然后孙策抓了孙河周泰两个倒霉孩子去当苦力,跑家具广场去拖了个跟家里那个一样高度的床垫回来。
拼好了那张比双人床豪华比king size还差点的无敌大床之后,孙策打了个电话把孙权叫过来,然后一行五人浩浩荡荡地跑到离周瑜家最近的的超市去扫荡了一翻。
青春期的男孩子总是对肉食有着难以理解的热情。
烤鸡叉烧之类的熟食买了一堆,薯片花生鸭舌少不了,啤酒扛了三箱——为了晚上的英超联赛,红魔主场迎战宿敌兵工厂。
男人似乎天生对球类运动或是球状的物体都有莫名的热爱,周瑜也不例外。
周瑜喜欢踢球,而且技术特点鲜明,就是毫无技术。
一路的带球狂奔直冲底线,没带球的时候也是一路狂奔真冲底线,别人不知道还以为在搞100米速跑往返练习。
孙策老是说周瑜球篮球打得烂,但他跟周瑜踢过一场球之后,非常认真的反省了一下自己,“不好意思阿瑜,我之前对你了解不够。比起踢球,你打球的技术还是不错的。”

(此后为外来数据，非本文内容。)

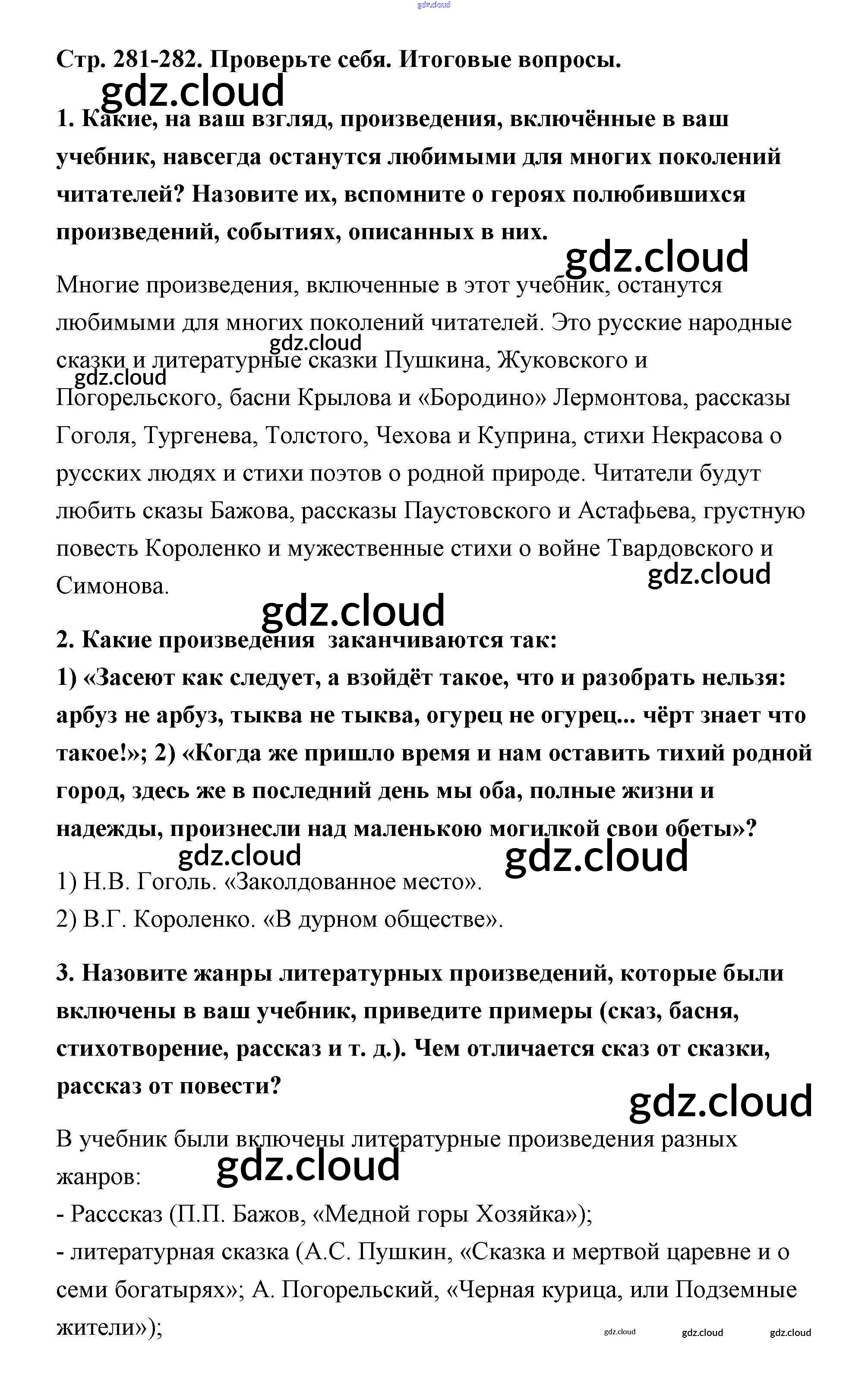 Ответ на задание 281 Учебник Литература за 5 (пятый) класс Коровина, Коровин, Журавлев 2016 Часть 1, 2

周瑜喜欢足球,但他看足球赛的兴致是孙策半进驻他家之后才培养起来的。
自己一个人看球那多没劲啊,碰上踢得烂的,90分钟没有攻门,都能睡着醒过来好几遍了。
红魔跟兵工厂很给力地踢了场激烈的拉锯战。
在一遍遍“传中!”“回防啊!”“妈的犯规啦!”“我勒个去空门都不入要死啊!”之类的激动呼声中,一个个啤酒罐也被可怜的捏扁踩平堆在地上。
认识孙策之后周瑜对烟酒都不再抗拒,因为他知道抗拒也是无用功,但他很有节制,头晕了觉得到点了就停。
孙河酷爱喝酒,每喝必高,高了就跟月夜狼变一样变身接吻魔,逮着谁就要跟谁啾啾。第二天清醒后跟偏执狂一样死命刷牙漱口,日哦,牙刷都快刷断了。
孙策跟孙权的酒量不错,但跟周泰比起来,都不算什么。
如果喝酒分级别,那周泰不算酒鬼,不是酒仙,他是酒牲口。
丫能一箱啤酒下肚面不改色毫无异样,反应迟钝那不算,这家伙喝不喝醉反应都迟钝。
在孙河啾了周泰三下,啾了孙策两下,欲啾周瑜而不遂之后,红魔发力打破平局,踢了个2:1,三分全取完美收场。
周瑜戳了戳孙河,那家伙已经醉死在一旁,孙权亦开始结结巴巴语无伦次地念叨着他在奥数班上认识了一个叫陆什么的孩子可聪明了可漂亮了可温油米粒了就是有点小冰山。
把孙河拖上了沙发,从柜子里拿了条被子给他盖上,周瑜推了孙策一下,“诶,你还好吧?”
“你说呢?”孙策半眯着眼睛,一边说着一边伸出手臂绕过周瑜后背,一翻身把他禁锢在自己的身体与背后的沙发之间。“我醉了。”
彼此的脸靠得很近,孙策半眯着眼看周瑜,温热的鼻息扫过周瑜的鼻尖、唇边,然后像恶作剧得逞的小孩一样坏笑,着看已经整个人短路呆掉的周瑜。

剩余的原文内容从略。